International-Soil-Radiocarbon-Database / ISRaD

Repository for the development and release of ISRaD data and tools
https://international-soil-radiocarbon-database.github.io/ISRaD/
24 stars 15 forks source link

geospatial data folder #115

Closed greymonroe closed 5 years ago

greymonroe commented 5 years ago

We need a central location for the geospatial data. It would be nice if we could host a link on our site

coreylawrence commented 5 years ago

This might be one of those circumstances were we don't want to serve up the actual data. It would be preferred if we could host scripts that would pull data from other managed repositories. That said, maybe we hold geospatial data behind the curtain so that it can be used during the build function to fill in select variables that are then included in israd_extra? I think there may be some permission issues if we download geospatial datasets and then serve them up again from our own links. Or am I miss understanding the issue?
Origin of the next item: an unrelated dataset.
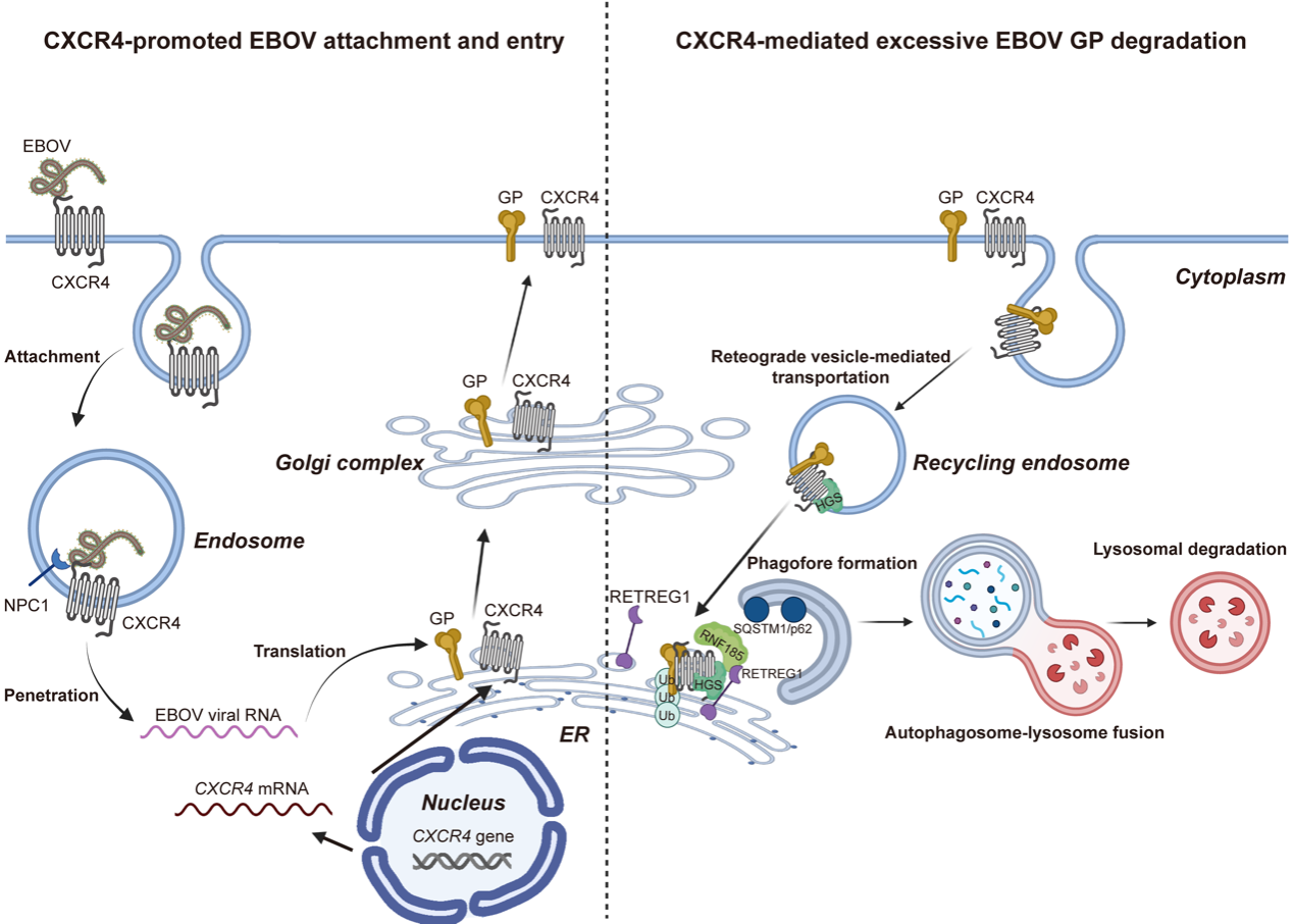 圖注:CXCR4可與EBOV包膜糖蛋白(GP)相互作用,一方面可介導(dǎo)EBOV吸附和進(jìn)入靶細(xì)胞;另一方面可介導(dǎo)具有細(xì)胞毒性的GP蛋白經(jīng)內(nèi)質(zhì)網(wǎng)自噬途徑降解,從而提高病毒適應(yīng)性。

greymonroe commented 5 years ago

That’s fine, we don’t need to share with everyone. We do need some central location for the data that we can use privately.

On Nov 30, 2018, at 4:51 PM, coreylawrence notifications@github.com wrote:

This might be one of those circumstances were we don't want to serve up the actual data. It would be preferred if we could host scripts that would pull data from other managed repositories. That said, maybe we hold geospatial data behind the curtain so that it can be used during the build function to fill in select variables that are then included in israd_extra? I think there may be some permission issues if we download geospatial datasets and then serve them up again from our own links. Or am I miss understanding the issue?

— You are receiving this because you authored the thread. Reply to this email directly, view it on GitHub https://github.com/International-Soil-Radiocarbon-Database/ISRaD/issues/115#issuecomment-443244702, or mute the thread https://github.com/notifications/unsubscribe-auth/AP5w_GcDaT9x0lkgf8eEAX0PyuqnNoumks5u0VPkgaJpZM4Y749F.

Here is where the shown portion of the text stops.